Jim Dixon wrote:
> On Fri, 8 Sep 2006, Ross Gardler wrote:
>
>
>>>I've thought about this a bit more. One of the problems here is that
>>>adding xi:include elements has unexpected results.
>>>
>>>If the DTD is extended as above, then the validator will, I think, not
>>>check beyond the xi:include element, and so a document may validate
>>>even though what is being XIncluded is nonsense. I can write
>>>
>>>and validation will succeed, because the xi:include element has the
>>>pattern required by the DTD even though rubbish.xml isn't XML at all
>>
>>Good point.
>>
>>
>>>The expected behavior is that the validator recognizes that what is being
>>>XIncluded is XML (as it is by default) and goes through to validate that
>>>as well, silently replacing the xi:include element with whatever is
>>>XIncluded. I think that some parsers do this - perhaps only if an
>>>option is set - but most don't.
>>
>>Does Xalan do it? This is the default parser for Forrest. A healthy
>
>
> Uhm, do you mean Xerces? From what I can see Xalan is unaware of
> XIncludes.
Yes, I often get Xerces and Xalan names mixed up, sorry.

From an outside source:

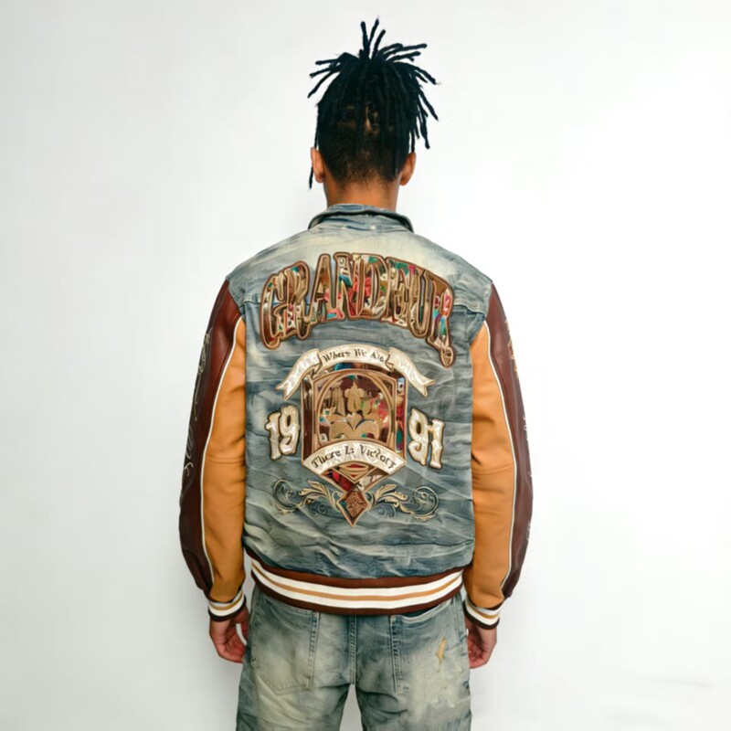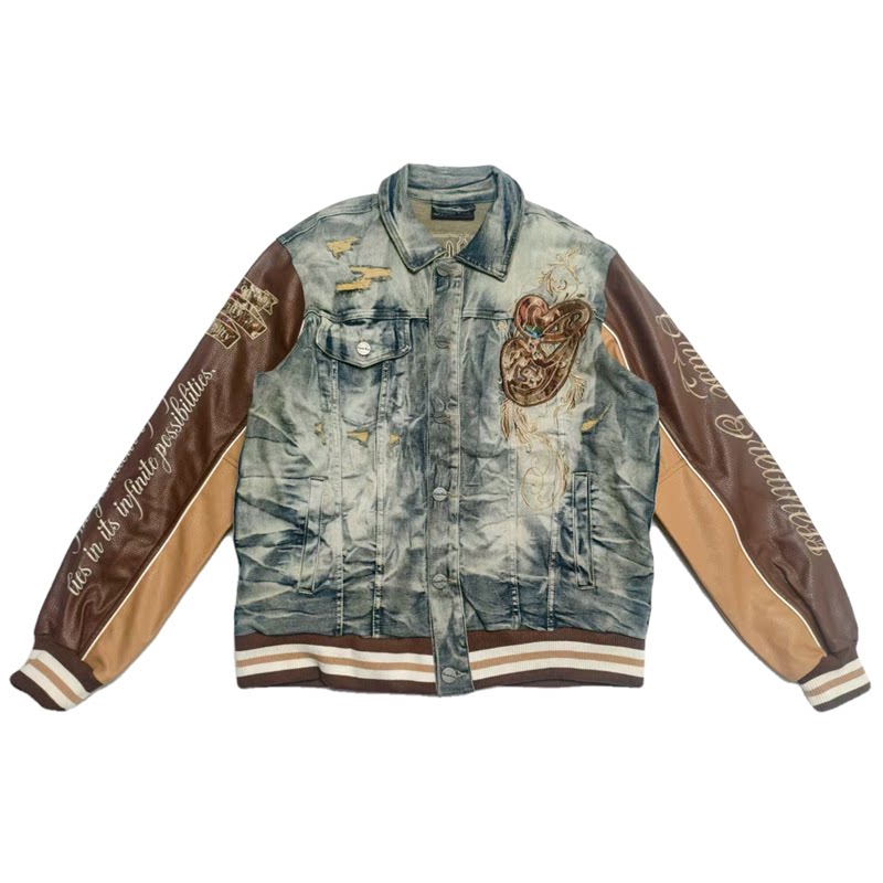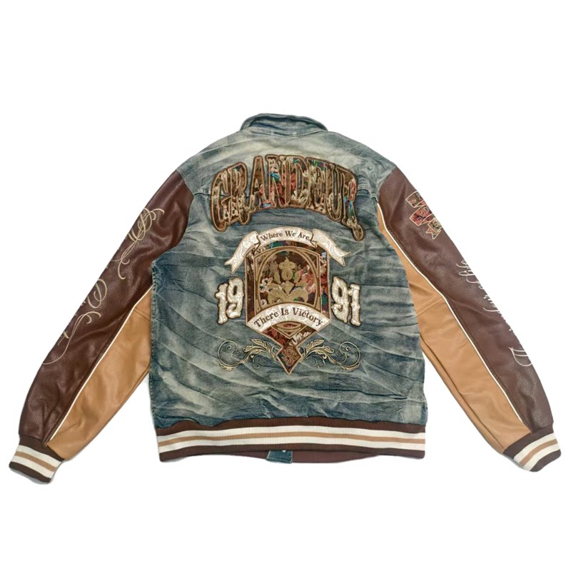 美式 美版 牛仔外套 拼接 万针刺绣 嘻哈街头hiphop说唱 做旧水洗由

>>>A better approach would be to process the XIncludes before validation,
>>>stripping off the xlmns:xi attribute from the document element and
>>>replacing xi:includes with whatever they resolve to. This should be
>>>cheaper than it might seem: unless the xmlns:xi is present, the
>>>document is simply handed on to the validator untouched.
>>
>>I can't see an easy way of doing this as, in many cases, the included
>>content is generated by Forrest. In fact, this would be a problem if the
>>parser were doing the includes.
>
>
> I am baffled. How would it be a problem if the parser was doing the
> XIncludes?
David points out in another message that the validate-xdocs is done
prior to Forrest doing any transformations on content, it only validates
the *source* documents.
This means that if a source document XIncludes another source document
that is available statically on disk/network, as in your use case, then
the above will work OK.
However, if a source document includes source content that is
dynamically generated, for example, pulled from a database/RSS Feed/Jira
instance etc. then we would have to fire up Forrest to generate these
sources. If we are validating source documents before we fire up Forrest
we end up in a catch 22.
One solution would be to fire up a running instance of Forrest (aka
forrest run) and have Xerces validate the xincludes by retrieving them
from the running instance of Forrest. But this really is clumsy and I
would guess non-trivial.
My point is, any solution that is created to better support the first
use case (including static content) must also work in the second use
case (including dynamic content).
Ross